Violent deaths of hundreds of Muslims across the world cast a shadow over Lancaster community's celebration of Eid al-Fitr, the end of the holy month of Ramadan.
Even as they acknowledged that, community leaders who spoke Wednesday to hundreds of Muslims, many wearing colorful chadors and robes, focused on a larger message of peace and love.
Eid (pronounced eed) is to be a joyous time; a chance to gather with friends and family and to relish the fact that the month of daylight fasting has come to an end.
Guest speakers, at the Thursday celebrations organized at Lancaster County Convention Center, included Khateeb Brother Iftekhar Hussain, Lancaster Mayor Rick Gray and city fire Chief Tim Gregg.
A Khateeb Brother is a member of the community chosen to lead prayers and deliver the sermon during Eid celebrations.
Hussain, a native of Bangladesh who now lives in Malvern, told the gathering that Ramadan “is a time to align your will with God’s will” and to “reprioritize what is valuable in your lives.”
Gray, an Episcopalian, said the words Hussain used in his address — love, peace, concern for the environment and care for the poor — could have been part of an Episcopal church sermon.
“Our religions, both Christian and Muslim, were founded in peace and love,” he said. “We need more of that today. Not the murder of innocents.”
This Ramadan has been marred by terrorist attacks. More than 260 people died in the past week as the result of bombings and shootings in Iraq, Turkey and Bangladesh.
That was not lost on Dr. Shakeel Amanullah, chairman of the board of trustees of the Islamic Community Center of Lancaster which sponsored this year’s Eid celebration.
“There are a lot of people in the world who are hurt and deeply saddened by these activities,” he said.
He cited a verse in the Quran, that reads: “We have created nations and tribes that we may recognize one another and do good deeds.”
“And that,” he added, “is what we are supposed to be doing.”
Terrorists distort message
Dr. Shahid Babar, medical director of Lancaster General Health Physicians Internal Medicine Hospitalists, said terrorist attacks by self-identified Muslims distort the real message of Ramadan and of Islam.
“I don’t even call them Muslims,” Babar said of ISIS and al-Qaida. “If they don’t follow the Quran, they’re not Muslims at all.”
Babar, who is a native of Kuwait, described this past weekend’s attack by a suicide bomber at The Prophet’s Mosque in Medina, Saudi Arabia, as “a shock to the 1.3 billion Muslims in the world.”
Rizwan Mohammed, an electrical engineer, said that during Ramadan, Muslims are not even supposed to curse, much less attack others.
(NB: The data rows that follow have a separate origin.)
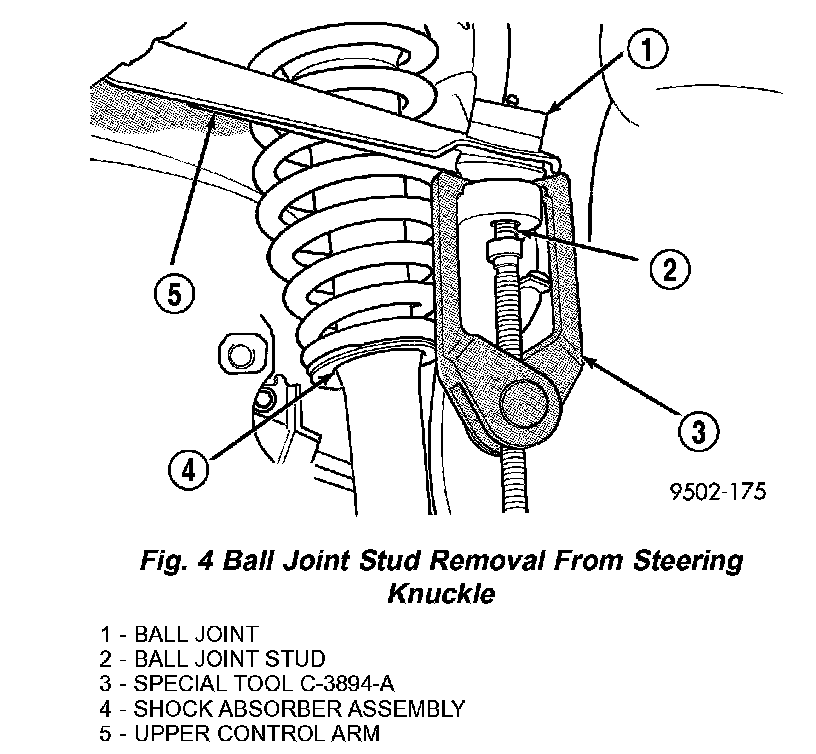 7. Remove upper ball joint stud from steering knuckle using Puller, Special Tool, C-3894-A (Fig. 4).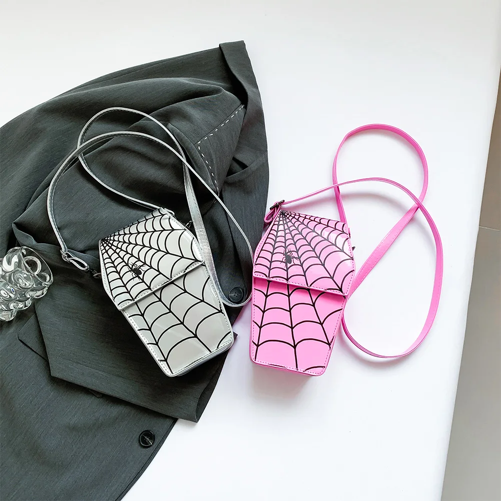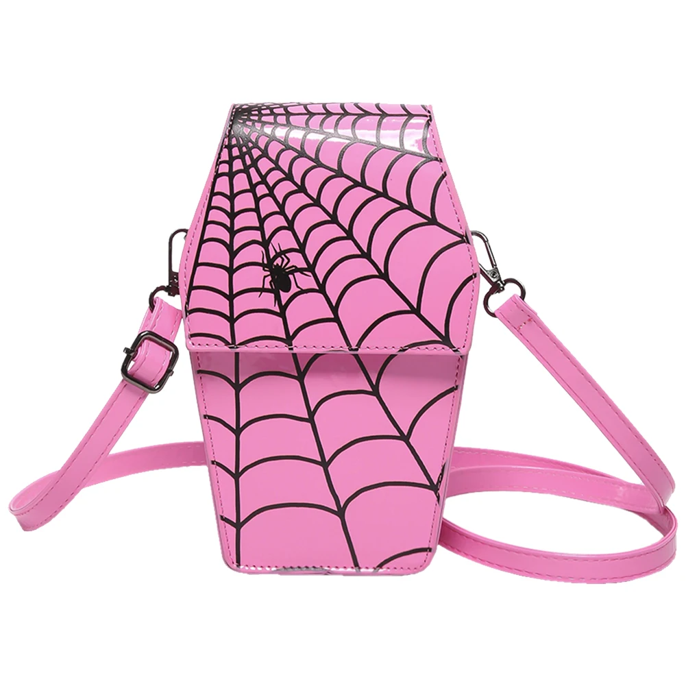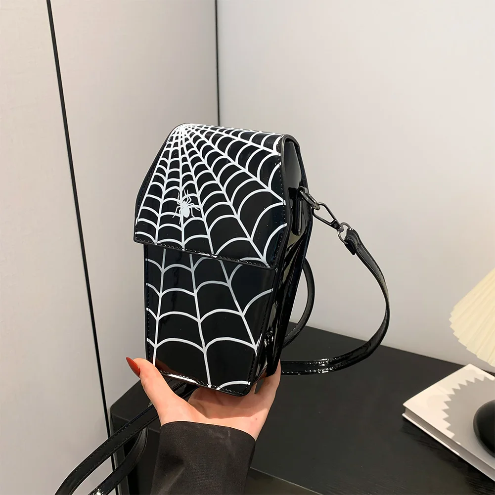 Gothic Coffin Shape Shoulder Bag for Women Spider Web Crossbody Bag PU Leather Adjustable Strap Hobo Bag for Halloween Cosplay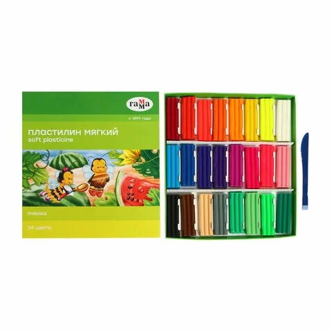 Пластилин восковой ГАММА 'Пчелка', 24 цвета, 360 г, со стеком, картонная упаковка, 190820201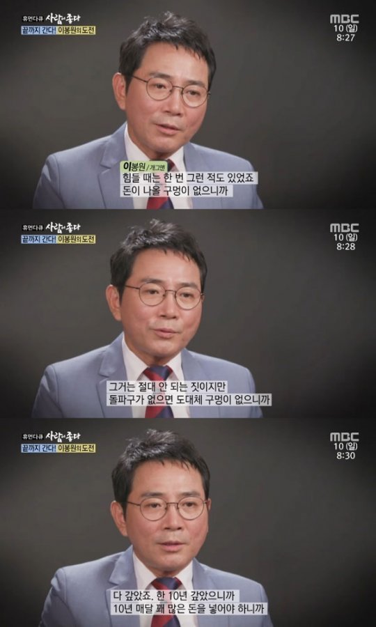 이봉원은 10일 방송된 MBC ‘휴먼다큐-사람이 좋다’(이하 사람이 좋다)에서 10년 만에 빚을 모두 갚았다고 밝혔다.

“So these people who bombed Medina are not Muslims,” he said.
Farhan Brelvi, a registered nurse at Ephrata Community Hospital, said he doesn’t pay much attention to some of the derisive political rhetoric aimed at Muslims in this year’s presidential campaign.
“The biggest effect,” he said, “is on my kids.”
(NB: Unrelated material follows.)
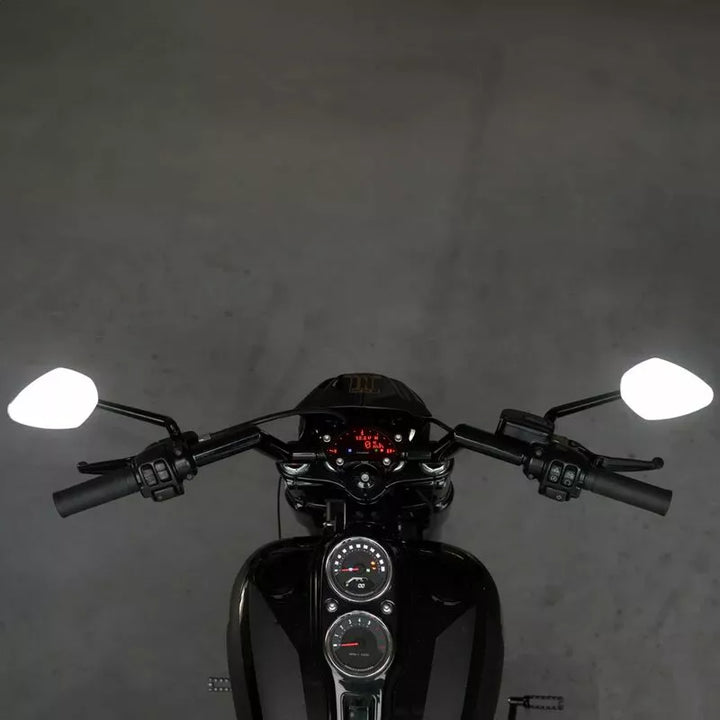 O espelho do complemento pode ser facilmente ajustado a qualquer fio de espelho M10 nas barras da alça. Dependendo da preferência ou do tipo de veículo, existem dois comprimentos de braço para escolher que podem ser perfeitamente presos ao guidão. Para alguns modelos - como a Harley -Davidson ™ Motorcycles - um kit de parafuso MO.VELE correspondente também está disponível separadamente (parte: 06410255), nossa série de espelho sem glas. MO.View é única no mundo. A característica especial de nossos espelhos é a superfície do espelho patenteada, que é trabalhada diretamente do metal do corpo. O alumínio em si é a superfície do espelho., O próprio corpo do espelho se une muito fino e leve, criando um design sem peso, sem aro ou moldura. A superfície convexa do espelho é fabricada pelo corte da mosca usando ferramentas de diamante em máquinas de ultra-precisão em Berlim. É então resistente à oxidação, corrosão e abrasão por um revestimento de plasma complexo no vácuo., O corpo do espelho e o braço do espelho são moídos de alumínio sólido em máquinas CNC e anodizados a alta qualidade. Todos os parafusos são feitos de aço inoxidável. , As juntas precisas da esfera do ajuste confortável e muito estável do espelho. A quebra de vidro ou a queda simplesmente não é possível. O espelho de montagem pode ser montado em qualquer fio de espelho M10 no guidão. Três parafusos de montagem com rosca diferente são fornecidos. O espelho é adequado para o lado esquerdo e direito., Espelho Largura do corpo: 122 mm., Espelho Altura do corpo: 83 mm., Comprimento do espelho do espelho: 150 mm., Espessura do corpo do espelho sem cabeça de bola: 4,5 mm., Peso: 178 g. Braço (com marcação de ECE), 1 x parafuso m10 x 1,5, 1 x parafuso m10 x 1,25 rosca direita, 1 x parafuso m10 x 1,25 Manual de rosca e instruções esquerda.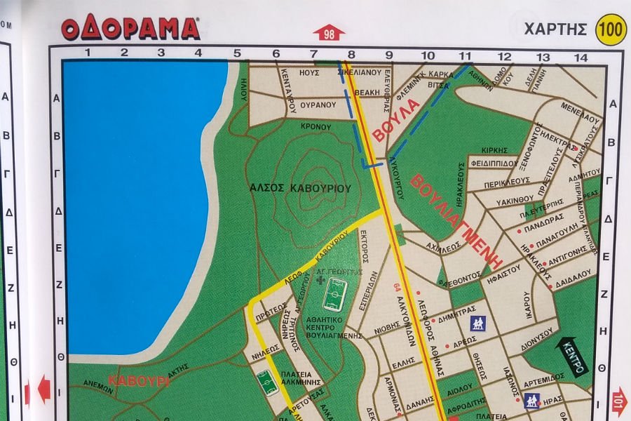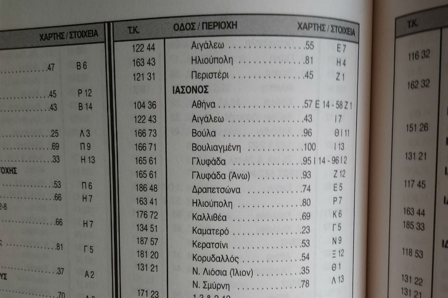 Τότε, λοιπόν, αν ήθελες να πας στη Βουλιαγμένη, στην Οδό Ιάσονος ας πούμε, ακολουθούσες την εξής διαδικασία: έψαχνες αλφαβητικά το δρόμο στα περιεχόμενα. Έβρισκες την περιοχή (Ιάσονος τότε υπήρχε σε 17 ακόμα πόλεις, πέραν της Βουλιαγμένης), που δίπλα της είχε κάποια στοιχεία. Εν προκειμένω «100» και «Ι 13». Το πρώτο νούμερο, αντιστοιχούσε στον χάρτη (ή σελίδα, αν προτιμάτε). Ο κωδικός Ι 13 έδινε τρόπον τινά το γεωγραφικό στίγμα του δρόμου. Κάτι σαν συντεταγμένες μήκους και πλάτους, δηλαδή.

That concerns his wife, Joanna, a physician at Ephrata Community Hospital. A native of Indianapolis who converted to Islam, she said she worries her children, who she described as “openly Muslim,” may be bullied at school because of their religion.
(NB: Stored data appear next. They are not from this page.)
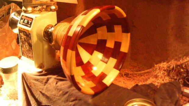 Puesto que este plato podría ser utilizado para alimentación, utilicé un acabado de aceite de tung de alimentos seguros. Gire el recipiente a mano como aplicar el aceite de tung con un paño o cepillo. La primera capa puede ser bastante pesada, como la madera absorbe muy rápidamente. Puede aplicar una segunda capa dentro de una hora. Después de la segunda capa, siga las instrucciones en la lata para su acabado. Esperé 8 horas para que el aceite de tung se seque y endurezca, y luego otra vez lijar con grano 400 y aplica otra capa. Repita según sea necesario, utilizando cada vez más finas arenas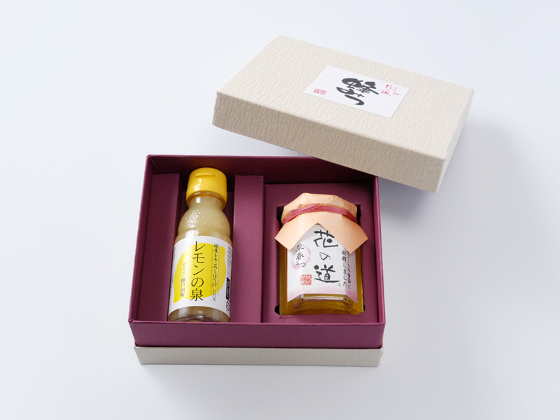 自然の花々から採れた国産蜂蜜「花の道」と、広島・瀬戸田産の希少な「エコレモン」果汁を詰め合わせた、爽やかなギフトセットです。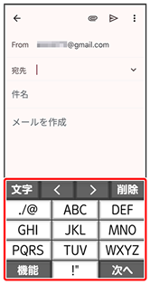 - メール作成画面で
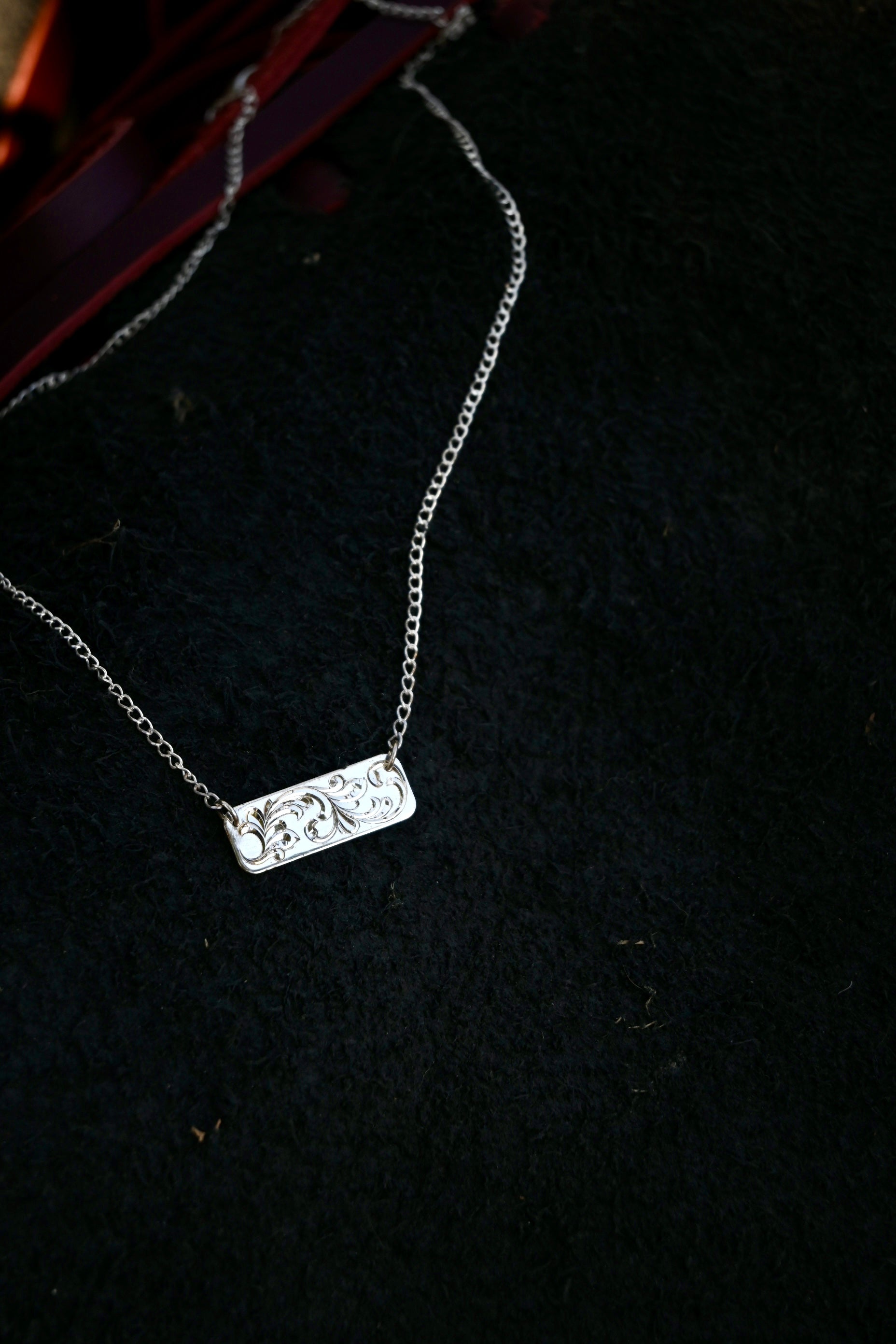 A hand engraved bar with soft, flowing scrollwork. This necklace brings a calm, feminine touch to everyday Western style and layers effortlessly with your favorite pieces.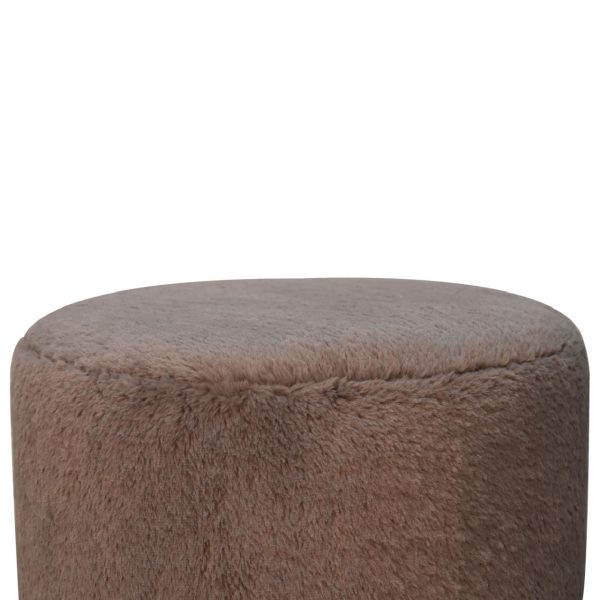 This lovely footstool has been upholstered in a beautiful mocha faux fur and is a convenient piece perfect for the living room or bedroom, it has a comfortable round seat and can be paired with different styles and finishes of furniture in the home.

“My hope is they will be an example and help educate people that Muslims are not all terrorists.”
Amanullah said the Muslim community in Lancaster has donated school backpacks to students in the Lancaster city schools and most recently joined with volunteers from FeedPhilly Islamic Society of Greater Valley Forge and several corporate sponsors to distribute food packages to the needy in the Lancaster area.
“Seventy percent of the donations,” he said, “go to non-Muslims.”